In a community-based cohort, serum intact FGF23 change over 18 years from mid-life to late-life was significantly associated with the subsequent risk of mortality. The observed association was independent of eGFR change and consistent across demographic and clinical subgroups. When both FGF23 change and FGF23 in late-life were simultaneously entered into the Cox model, FGF23 in late-life, but not FGF23 change, was an independent predictor of mortality. However, it was of note that FGF23 change from midlife to late-life was highly correlated with FGF23 concentrations in late-life.

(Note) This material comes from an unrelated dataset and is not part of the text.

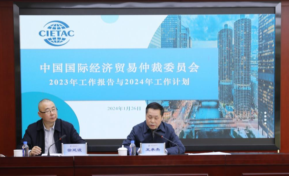 2024年1月26日下午,貿(mào)仲委2023年度干部職工總結大會在北京召開,貿(mào)仲委全體領導班子成員、總分會干部職工出席會議。會議全面回顧2023年工作成果,深刻分析當前形勢,謀劃部署2024年工作任務。貿(mào)仲委副主任兼秘書長王承杰作2023年工作總結,貿(mào)仲委黨委書記徐延波主持會議。

Previous cross-sectional studies have shown an inverse association between FGF23 concentrations and eGFR,^{2, 3} which is generally consistent with a modest correlation between FGF23 change and eGFR change in our study (r=−0.42). Nonetheless, we noted that a non-negligible proportion of participants had a small increase in FGF23 despite a large decline in eGFR (or a large increase in FGF23 despite a small decline in eGFR) (Table 3), suggesting that the increase in FGF23 from midlife to late-life may not be simply explained by decreased kidney function. Future studies should investigate non-kidney factors that are associated with FGF23 change, although physiological changes during aging from mid-life to late-life may likely have some role.¹⁵

The association of FGF23 change with mortality risk was independent of eGFR change, although the association was certainly attenuated after accounting for kidney function. In addition, our cross-category analysis demonstrated that greater FGF23 increase and eGFR decline were jointly associated with high risk of mortality without clear evidence of interaction. Such findings extend previous studies relating single-measured intact FGF23 concentrations to the risk of mortality in older adults,^{7, 8} and are consistent with a recent report of 1,135 patients with moderate to severe CKD demonstrating a higher risk of mortality associated with a rapid increase in C-terminal FGF23 concentrations over 5 years.⁹

There are a few unique aspects of our study. First, to our knowledge, this is the first study to show an independent association of FGF23 change with subsequent risk of mortality in the general population. Second, we explored changes in FGF23 over almost two decades. Third, we rigorously assessed the prospective associations in the Cox models that simultaneously incorporated both FGF23 change and FGF23 at visit 5. Finally, FGF23 change even within its normal ranges was robustly associated with mortality. Although future confirmation studies are needed, if our findings are replicated, it will be worth exploring exact mechanisms linking increasing FGF23 concentrations even within normal ranges to mortality. Nonetheless, taken together, these findings further support the broad etiological implications of FGF23 beyond its relevance with kidney function.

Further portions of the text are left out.